# Microwave starts when lift door



## RAL238 (May 20, 2018)

There are one or more switches that sense when the door is closed. Either your door has become misaligned and it not activating the switch properly, or the switch itself is going bad.


----------



## huesmann (Aug 18, 2011)

Yep. Here's an example:










They have little plungers, like the nub you can see near the A4315B number. Part of the door latch contacts that plunger and depresses it, so the microwave knows the door is closed. If the latch is misaligned, or the switch is loose, it can malfunction. The little plastic clamps and pins that hold the switch in place can break as the plastic ages and gets brittle.


----------



## kah5683 (Sep 18, 2010)

microwave built in 2017. Hard to believe due to old age. Maybe slamming door shut?


----------



## Fix'n it (Mar 12, 2012)

does the door look out of alignment when its closed ?


----------



## JIMMIEM (Nov 17, 2016)

The switches that the others have mentioned are continuity switches. They are very easy to test and replace and cost under $20. There is also a spring inside the front door panel that works with the latch, which might be involved. There are videos available and you can probably find specific directions for your model. But, microwaves can be deadly so there is understandable hesitation about giving fixit info.
An inexpensive multi meter will perform continuity testing.
Also, if you decide to give it a go be gentle as a lot of the clips holding things together are usually plastic and easily broken.


----------



## huesmann (Aug 18, 2011)

kah5683 said:


> microwave built in 2017. Hard to believe due to old age. Maybe slamming door shut?
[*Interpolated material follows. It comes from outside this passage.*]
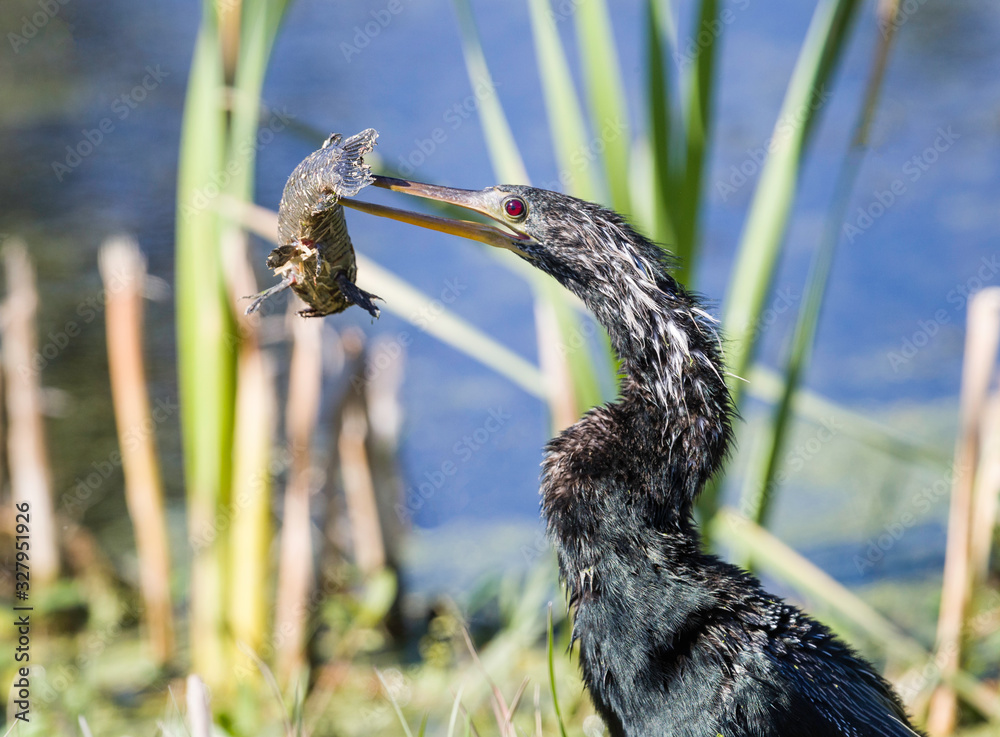 Anhinga spearing a fish for dinner at the Lake Apopka Wildlife Drive in Florida.
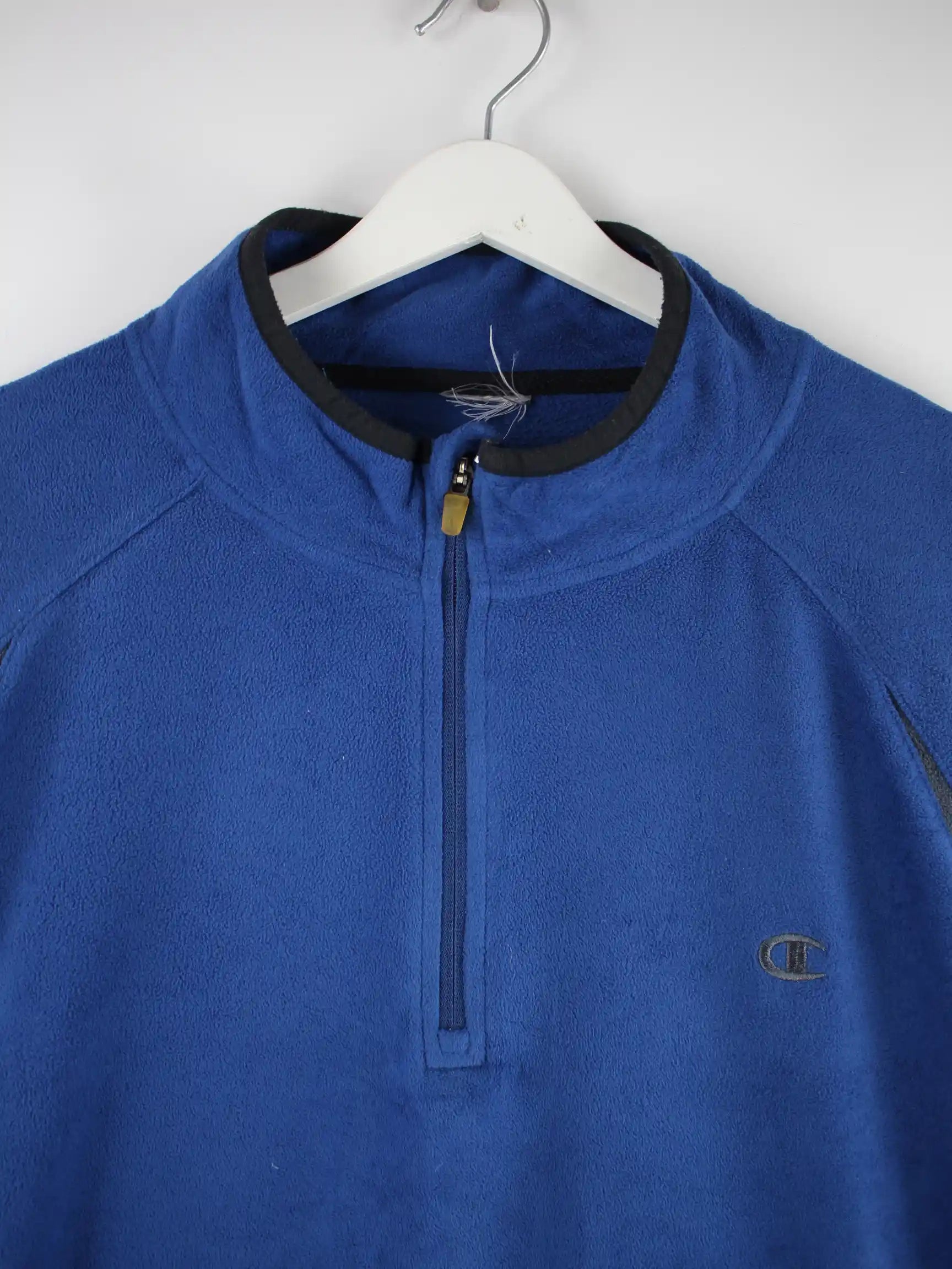 Blaue Leichte Jacke mit kurzem Reißverschluß des Labels Champion in Größe 3XL. Sie ist aus angenehmem Fleece und in gutem Zustand bei uns zu bekommen.

Slamming the door shut can definitely break the latch mechanism so that it's no longer in the correct alignment. Both of these issues can easily be inspected if you're handy with a screwdriver and a strong plastic pry tool (the latter is to disassemble the door frame to access the latch).


----------



## kah5683 (Sep 18, 2010)

I check microwave again. Setting aside that it may be (and probably is) the switch(s)...


Take a look at the pics below. The door isn't slanted or crooked. If I lift up at the hinge (on with the label), it lifts the whole door.


Is there a way to adjust this up?


----------



## huesmann (Aug 18, 2011)

Well, that is typically how you remove the door. It rotates on pins; you're just sliding the door up and down on those pins.


----------



## kah5683 (Sep 18, 2010)

so there is no way to adjust up in hinge area?


----------



## huesmann (Aug 18, 2011)

I mean, a little bit, like you could jam a spacer in there to lift it some. Whether that would be enough to make it work—who knows? Are you handy enough to disassemble the door?


----------



## kah5683 (Sep 18, 2010)

I could open the door. I know it is probably a switch. How do you test switch with multimeter? I've also read about the insane level of electricity that flows through the microwave - want to make sure I know how to avoid that issue.


----------



## JIMMIEM (Nov 17, 2016)

kah5683 said:


> I could open the door. I know it is probably a switch. How do you test switch with multimeter? I've also read about the insane level of electricity that flows through the microwave - want to make sure I know how to avoid that issue.


The multi meter will have directions. You will be testing the switches for continuity. Some of the switches should have continuity when the switch is open and some should have it when the switch is closed. Each switch will have a diagram on it which will indicate when it should have continuity. There are leads on the switch which are connected to wiring. There is a metal arm inside the switch which will touch the leads depending upon its state. The state will be either open or closed depending on it's purpose. The multimeter leads will be touched to the switch leads and will show continuity when the switch is opened or closed. Continuity shows whether current can flow from one lead and through the switch and out the other lead. The metal arm creates the continuity path. If the switch is defective it won't close or open the metal arm when it should.
The dangerous part is the high voltage capacitor which stores energy to power the microwave.......this is discharged by unplugging the microwave and then shorting out the capacitor, which will discharge it.


----------



## huesmann (Aug 18, 2011)

Here's some more testing info, and videos:
https://www.partselect.com/Microwave+test-door-switch+repair.htm









I actually had a microwave with a door switch that the internal contacts were _fused_ together in the off position, so it wouldn't run.


----------